Bangladesh Army major general

Muhammad Hakimuzzaman (Note: SGP, ndc, afwc, psc) is a two-star officer of the Bangladesh Army, who is the commandant of Military Institute of Science and Technology. Before that he served as the adjutant general of Bangladesh Army.

== Education ==
Hakimuzzaman obtained his BS in civil engineering, and a Master's in Defence Studies (MDS) from Military Institute of Science and Technology (MIST) and National University respectively. He is currently pursuing his PhD from Jahangirnagar University.

== Military career ==
Hakimuzzaman was commissioned from the 27th BMA Long Course on 20 December 1992 in the Corps of Engineers. He has served as the commanding officer of 18th Engineers Battalion and commander of 88th Infantry Brigade. He was pioneering chief operations officer of the Army War Games Centre.

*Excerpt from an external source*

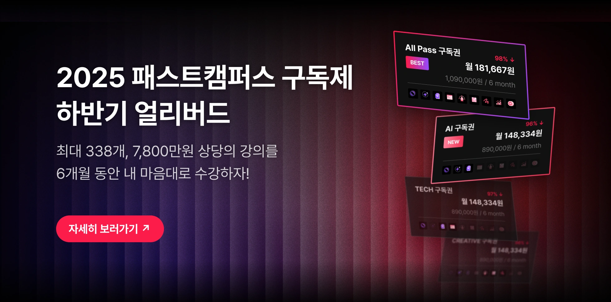 패스트캠퍼스의 모든 온라인 강의에서는 1개의 아이디로 여러명이 공유하는 형태를 금지하고 있습니다.

He served as adjutant general at the Bangladesh Army HQ. In addition to which, he is also the current vice-chairman of Trust Bank. As adjutant general, he most notably announced the trial of 15 army officers for human rights violations during the Hasina regime. Regarding the judicial process, he stated: "The Bangladesh Army stands for justice. There will be no compromise with fairness."

In March 2026, he was made Commandant of the Military Institute of Science and Technology.